Dalam pengungkapan ini, polisi menangkap sejumlah tersangka mulai dari koordinator ladies companion, kurir, hingga narapidana di Lapas Cipinang yang diduga mengendalikan peredaran narkoba dari balik penjara.

Direktur Tindak Pidana Narkoba Bareskrim Polri Brigjen Eko Hadi Santoso mengatakan, pengungkapan kasus bermula dari informasi masyarakat terkait dugaan peredaran narkoba yang sudah berlangsung lama di B Fashion Hotel, Jalan Aranda, Tanjung Duren Selatan, Grogol Petamburan, Jakarta Barat.

Baca juga: Polisi Buru 2 DPO Pemasok Bahan Baku Etomidate ke WN China di Jakut

“Tim Subdit IV Dittipidnarkoba Bareskrim Polri bersama Satgas NIC memperoleh informasi dari masyarakat terkait dugaan peredaran narkoba di tempat hiburan malam B Fashion Hotel,” kata Eko dalam keterangannya, Jumat (15/5/2026).

Kronologi penangkapan: Polisi menyamar jadi pembeli

Dari laporan itu, tim gabungan yang dipimpin Kombes Pol Handik Zusen bersama Satgas NIC melakukan penyelidikan dan undercover buy atau penyamaran pada Jumat (8/5/2026).

Polisi kemudian membeli lima butir ekstasi dan lima vape mengandung etomidate melalui seorang koordinator ladies companion bernama Dania Eka Putri alias Mami Dania alias Tania.

Keesokan harinya, Sabtu (9/5/2026) sekitar pukul 00.15 WIB, polisi menangkap Dania di Room B-15 B Fashion Hotel.

Dari tangan Dania, polisi menyita lima butir ekstasi dan enam vape mengandung etomidate.

Baca juga: Sebelum Banting Stir Jadi Peracik Vape Etomidate, WNA di Jakut Pernah Jadi Sales Perusahaan

Dalam pemeriksaan, Dania mengaku memperoleh narkotika tersebut dari seorang man companion bernama Teuku Rico Edwin alias Dervin.

Tak lama berselang, sekitar pukul 00.45 WIB, polisi menggerebek Room B-02 dan mengamankan lima pengunjung.

"Pada saat penggeledahan ditemukan barang bukti narkotika berupa 10 butir ekstasi dan 4 pcs vape mengandung etomidate," tutur Eko.
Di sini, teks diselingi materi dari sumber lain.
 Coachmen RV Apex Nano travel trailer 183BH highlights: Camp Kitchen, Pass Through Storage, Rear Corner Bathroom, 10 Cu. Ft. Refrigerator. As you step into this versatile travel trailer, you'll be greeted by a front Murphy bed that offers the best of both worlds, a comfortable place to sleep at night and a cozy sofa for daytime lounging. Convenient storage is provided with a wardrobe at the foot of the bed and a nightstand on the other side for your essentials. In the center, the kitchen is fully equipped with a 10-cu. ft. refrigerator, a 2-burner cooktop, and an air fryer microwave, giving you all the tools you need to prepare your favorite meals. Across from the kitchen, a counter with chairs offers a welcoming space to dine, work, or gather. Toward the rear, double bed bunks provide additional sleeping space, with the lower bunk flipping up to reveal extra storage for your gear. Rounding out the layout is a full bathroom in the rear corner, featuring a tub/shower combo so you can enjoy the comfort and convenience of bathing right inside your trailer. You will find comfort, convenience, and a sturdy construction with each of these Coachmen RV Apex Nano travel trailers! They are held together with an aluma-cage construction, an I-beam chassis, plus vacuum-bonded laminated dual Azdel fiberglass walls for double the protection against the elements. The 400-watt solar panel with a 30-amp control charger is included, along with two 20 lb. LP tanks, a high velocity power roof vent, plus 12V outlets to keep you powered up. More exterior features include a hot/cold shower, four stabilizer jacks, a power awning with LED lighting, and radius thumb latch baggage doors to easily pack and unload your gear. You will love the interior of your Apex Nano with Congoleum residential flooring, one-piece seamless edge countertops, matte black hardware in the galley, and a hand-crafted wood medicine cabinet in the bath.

Salah satu pengunjung berinisial AFH mengaku memperoleh narkoba dari narapidana bernama Irwansyah alias Jeje yang berada di Lapas Kelas I Cipinang, Jakarta Timur.
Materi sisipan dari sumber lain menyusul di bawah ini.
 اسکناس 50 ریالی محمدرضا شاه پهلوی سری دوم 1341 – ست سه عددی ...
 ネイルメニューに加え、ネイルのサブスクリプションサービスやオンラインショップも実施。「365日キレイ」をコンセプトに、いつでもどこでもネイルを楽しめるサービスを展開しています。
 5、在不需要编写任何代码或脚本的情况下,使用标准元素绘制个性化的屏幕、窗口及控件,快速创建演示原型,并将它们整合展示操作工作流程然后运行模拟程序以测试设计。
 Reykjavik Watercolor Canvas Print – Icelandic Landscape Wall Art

Polisi kemudian mengembangkan kasus tersebut dan menemukan adanya rencana transaksi 100 vape mengandung etomidate antara AFH dan Irwansyah.

Baca juga: Bareskrim Tetapkan Dua Tersangka Baru Kasus Emas Ilegal dan TPPU

Sekitar pukul 01.05 WIB, tim gabungan kembali menggerebek Room B-12 dan mengamankan sembilan orang beserta satu vape mengandung etomidate.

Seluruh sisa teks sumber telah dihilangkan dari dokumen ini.